I can’t see the light in your example either. If I shut my eyes, and try to see it, I just see blackness though I have no problems with the concept of a blue light (or even the entire scene) - I just don’t
see it. To answer the photo question, I don’t have a verbal definition of a photo, I have a relational one. I can still describe the photo reasonably well, but I don’t “see” anything.
I’ve thought quite a bit on how my mind works once I discovered that “the mind’s eye” wasn’t just a euphemism for other people. I think my mind works with rules rather than visuals, and it constructs/deconstructs a lot of them as needed to describe something it can work with.

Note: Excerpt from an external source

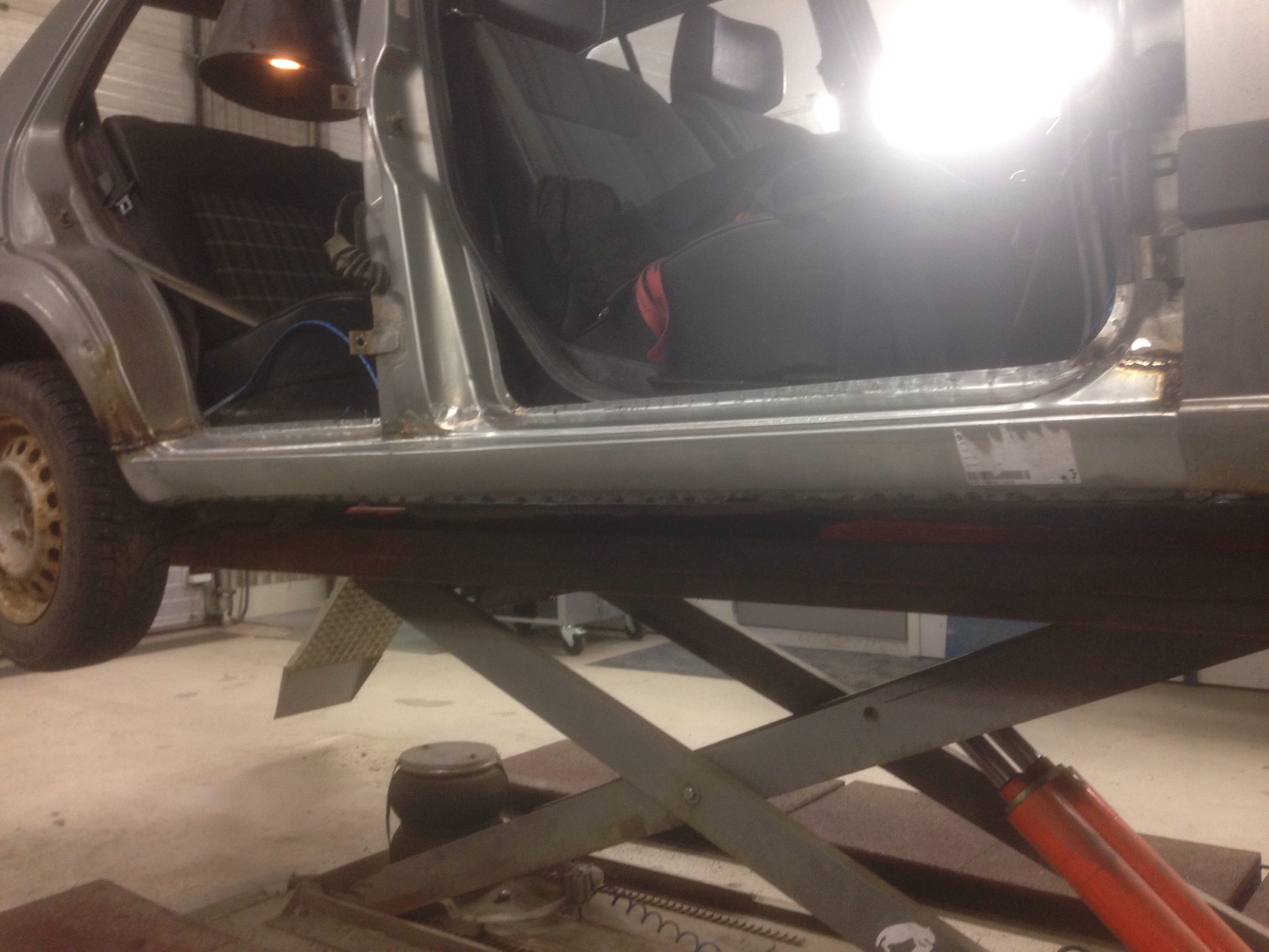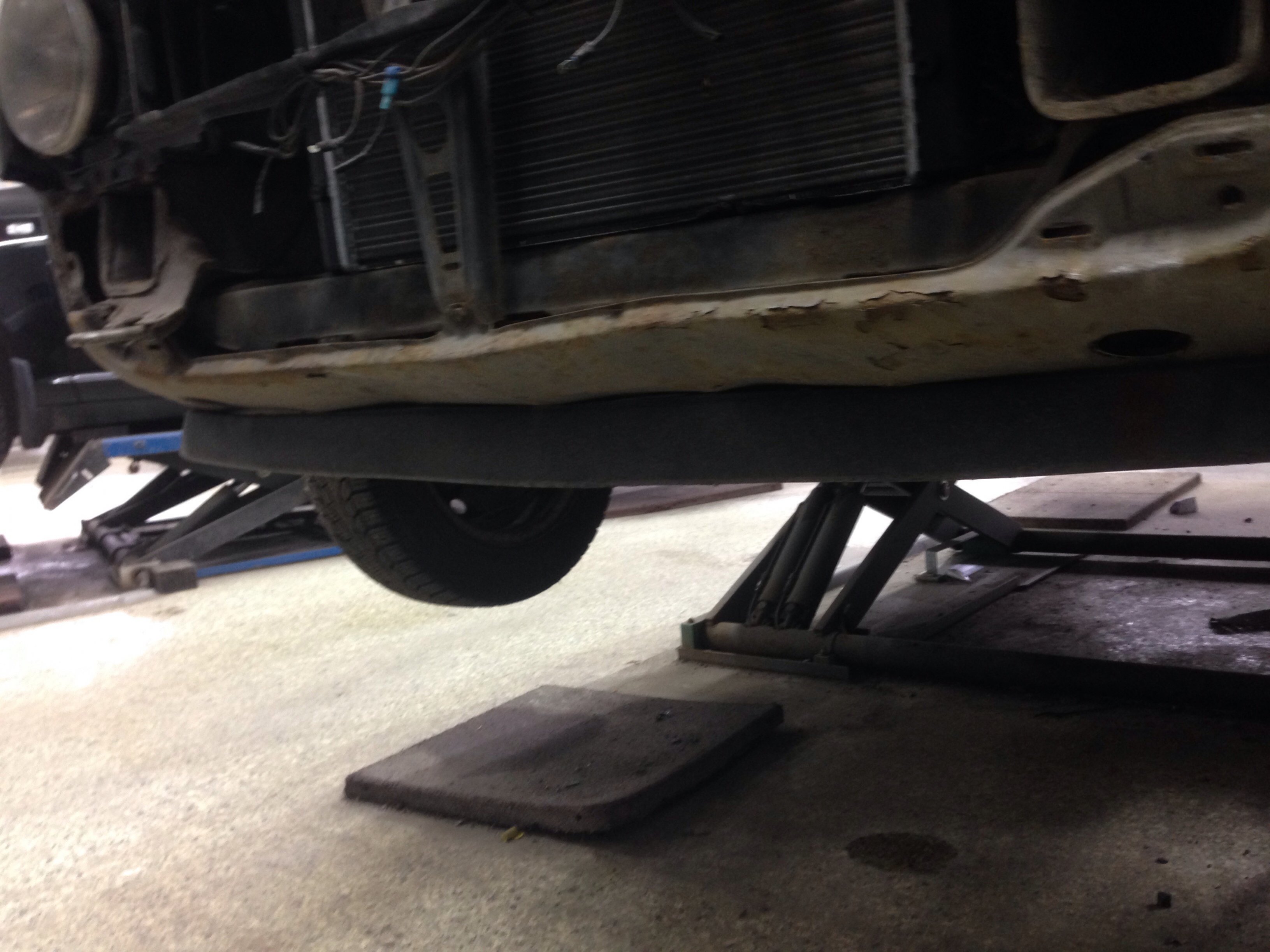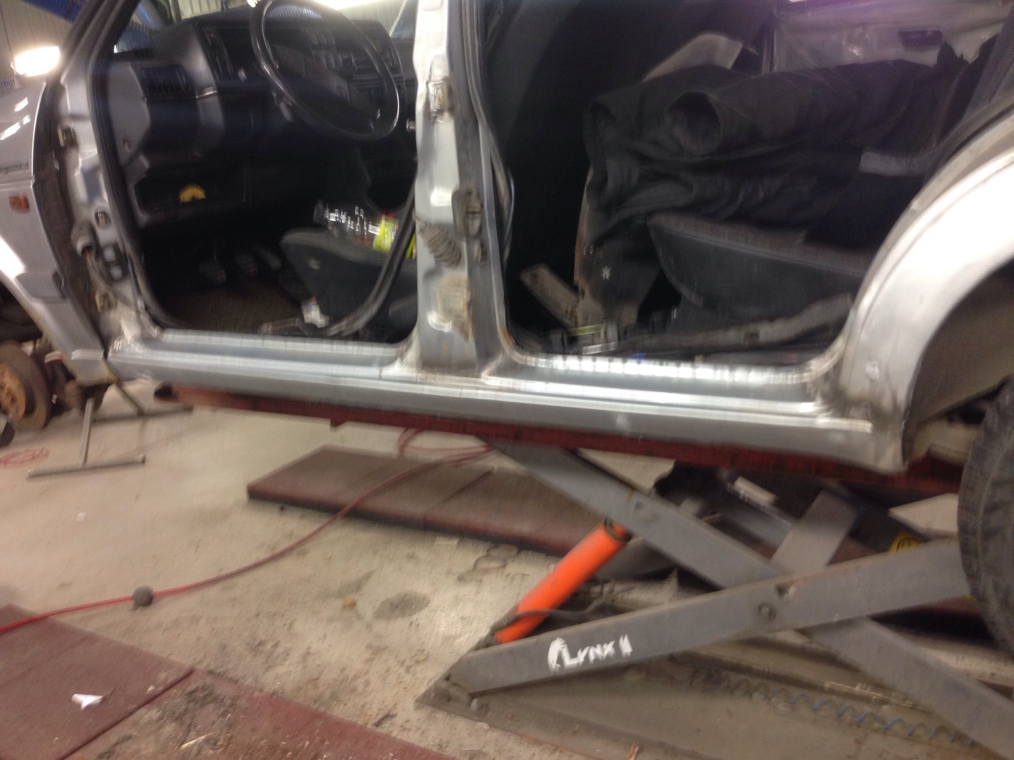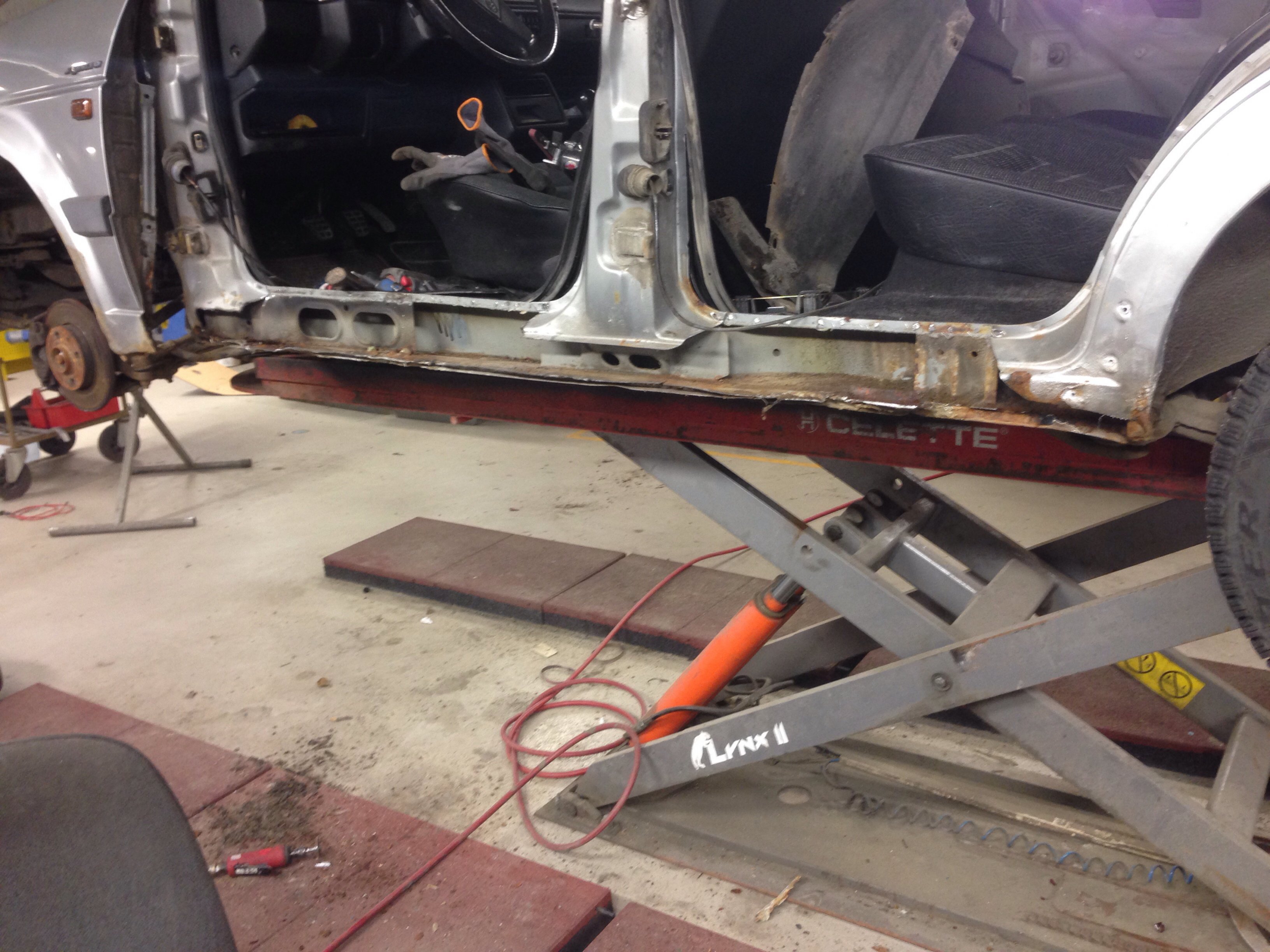 Men karossen är i mindre bra skick, nog byte på båda trösklarna, små hål i både fram & bakskärmar, lite buckor i huv & dörrar = mycket jobb...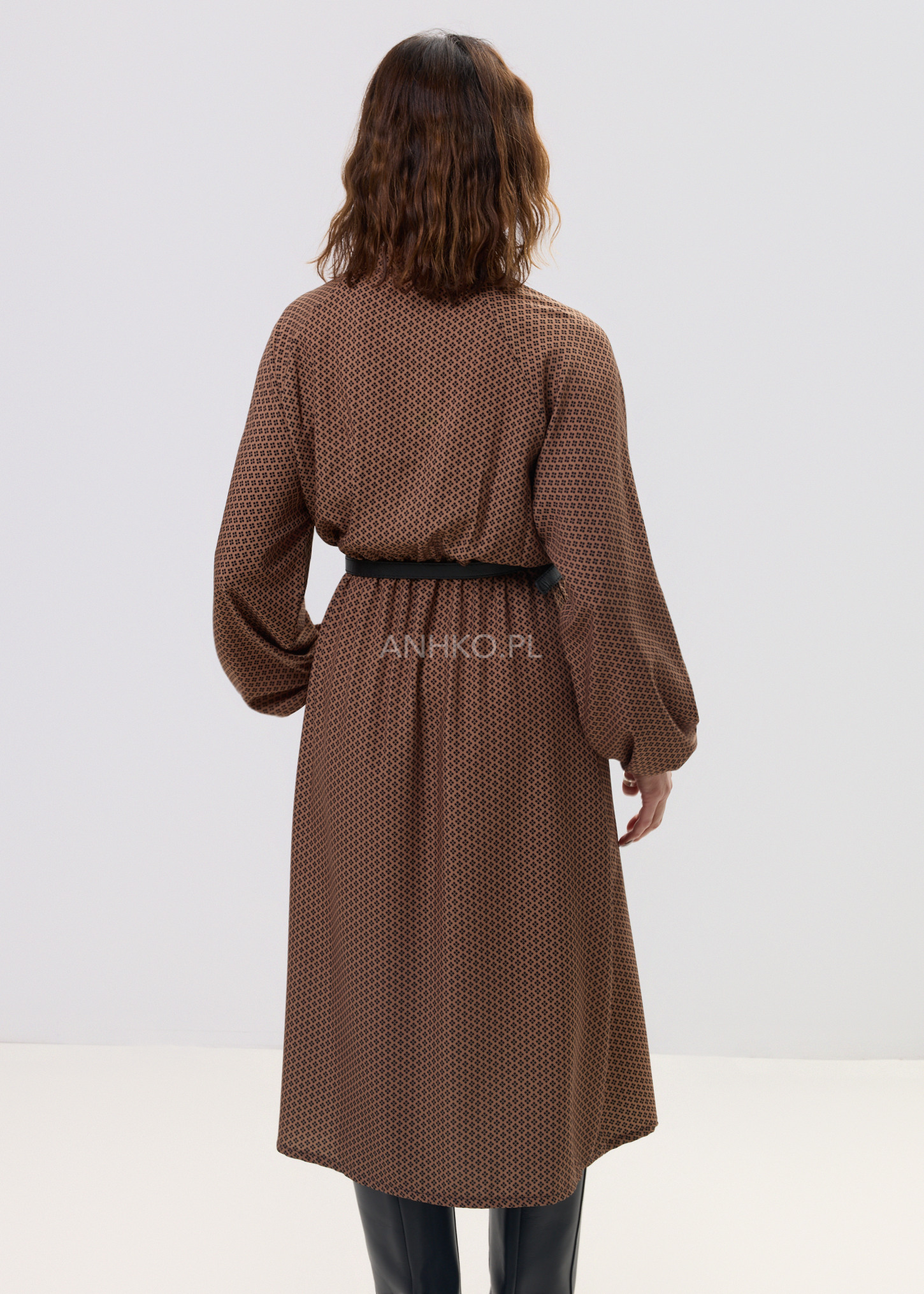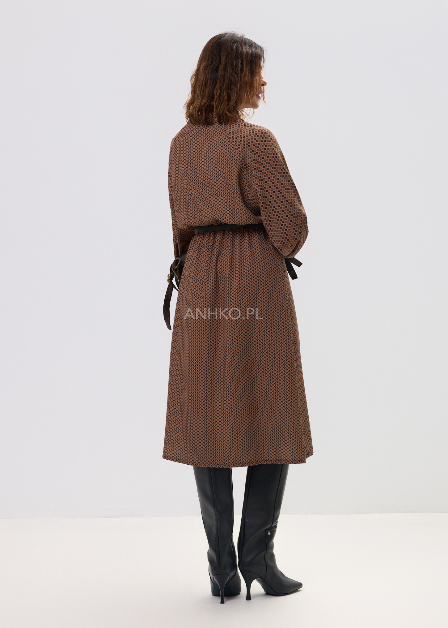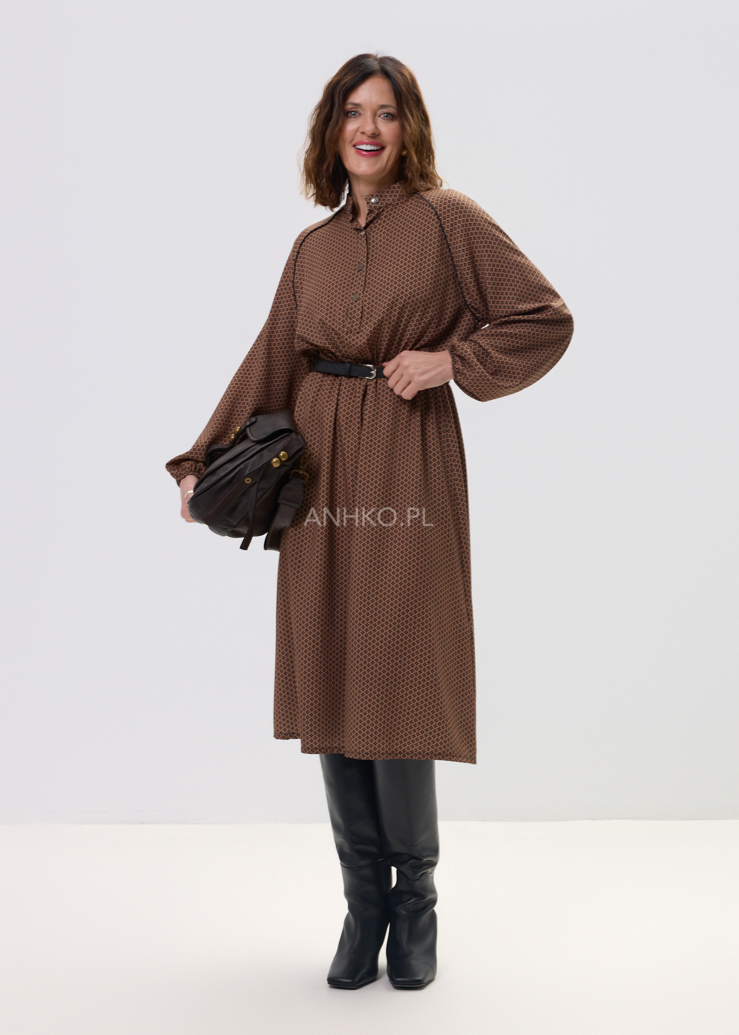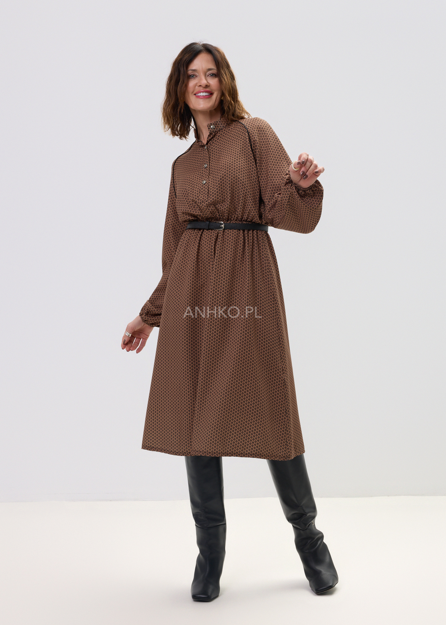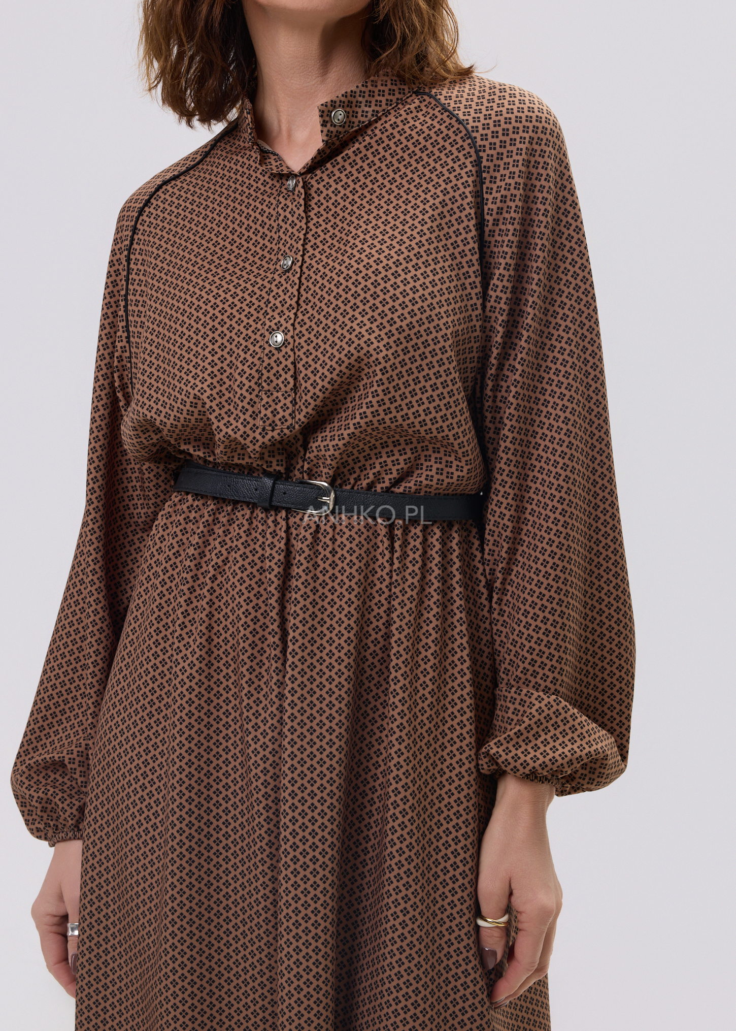 Ta sukienka midi zachwyca subtelnym, geometrycznym printem i ponadczasowym krojem inspirowanym koszulową formą. Model pięknie układa się na sylwetce – lekko rozkloszowany dół zapewnia swobodę ruchów, a delikatne marszczenie w talii podkreśla proporcje figury. Całość dopełnia pasek, który pozwala dopasować fason do własnego stylu.

I’m a software engineer, an ICT5, working at Apple. I tell people my primary skill is “solving problems”, and that’s accurate as a 10k-foot view. I’m good at mentally modeling the intricacies of how a system works, what the dependencies are, what the interactions are between sub-parts, how that effects corner-cases. I can “run” this mental simulation in my head forwards and backwards a bit (not too far) and get a grasp of how it fits together. But there’s no visual to any of this, whether I’m thinking about a bicycle or server-side cryptographic mail storage and transport. It’s all just interacting rules. I’m often the one to point out a flaw in a systems model well before we get to implementation, and I’m good at “breaking new ground” when it comes to implementing something, even for a different group - I get “loaned out” a fair bit.
So I think there are upsides to not having a mind’s eye - I chose physics at college, and found it easier than most I think; equally there are upsides to having the ability to visualise things, I expect. It’s probably a species-optimization to have the capacity for both…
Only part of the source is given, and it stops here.